= Michael Foster (Tolkien scholar) =

Emeritus professor of English and a Tolkien scholar

Michael Foster

Michael Foster (December 28, 1946 - April 12, 2023), known as Mike Foster, was an emeritus professor of English and a Tolkien scholar. In 1978 he pioneered the teaching of Tolkien studies at university level.

== Biography ==

[My students] wanted a class on Tolkien alone. So in 1977, ... I took a petition signed by fifteen students requesting such a course to my department chairman, and he agreed to schedule Lit. 116: Special Studies: J.R.R. Tolkien for the next term. Of course, only one of the fifteen who signed up showed up. But twenty others did, and the Tolkien course has continued at Illinois Central College since then, with the exception of four years at the end of the last century when it was cast into darkness and doom by a Balrog dean...

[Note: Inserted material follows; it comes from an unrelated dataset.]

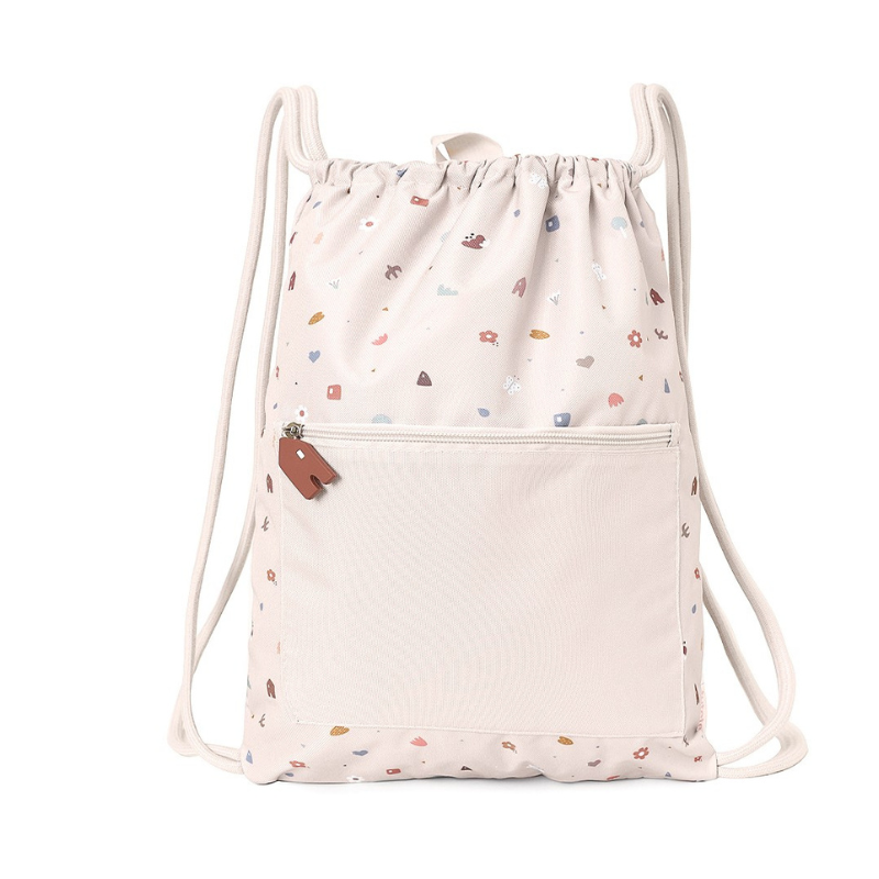 Mochila saco leve em tecido com estampado de letras. Ideal para a creche ou jardim de infância - prática, lavável e fácil de identificar.

The four essays required for [the course cover] four approaches to the study of literature: analysis of a small section, examination of a possible literary source, evaluation of a critical study, and commentary on the evolution of a single character.

The principal advantage of a course centered on Tolkien, as opposed to, say, Shakespeare, is that many students have read all the author's major works...
— Mike Foster: Teaching Tolkien

=== Early life and education ===

Michael Alan Foster was born in Peoria, Illinois to Shirley Jane Hopkins and Claude Swadley Foster on 28 December 1946. He was educated at St Bernard's School and Spalding High School, Peoria, Illinois. He obtained his first degree in English and Journalism at Marquette University in 1968; while there his feature writing won the 1967 William Randolph Hearst Foundation Award. That year he became a teacher at Spalding High School. He then took a Master's degree at Marquette.

=== Career ===

In 1971, Foster joined the staff of the English department of Illinois Central College in Peoria, eventually becoming a professor there. In addition, he worked as a journalist for the Peoria Journal Star. He taught at Illinois Central College until he retired in 2005.

=== Personal life ===

On 14 June 1969, Foster married Joanne Weslowski in Milwaukee, Wisconsin. They had two daughters. He died in Peoria on 12 April 2023.

== Fantasy and Tolkien studies ==

While at Illinois Central College, Foster taught fantasy literature from 1974, and a special studies course focusing entirely on J. R. R. Tolkien from 1978. This represented what in the context of sceptical attitudes was "a rare success" in the early history of Tolkien research; Foster later documented his teaching approach on the course in "an appropriately anecdotal piece".

Foster has published many papers and book reviews on English fantasy literature, including on the Inklings Tolkien, C. S. Lewis, and George Sayer, as well as on J. M. Barrie and G. K. Chesterton.

Foster was a known Tolkien scholar; the Washington Post described him as "somewhat of an authority on all things Tolkien". In 1995 he became the North American representative of The Tolkien Society. He was on the Mythopoeic Society's Inklings scholarship committee. The Illinois Community College Journalism Association's top award, The Mike Foster General Excellence Award, is named in his honor.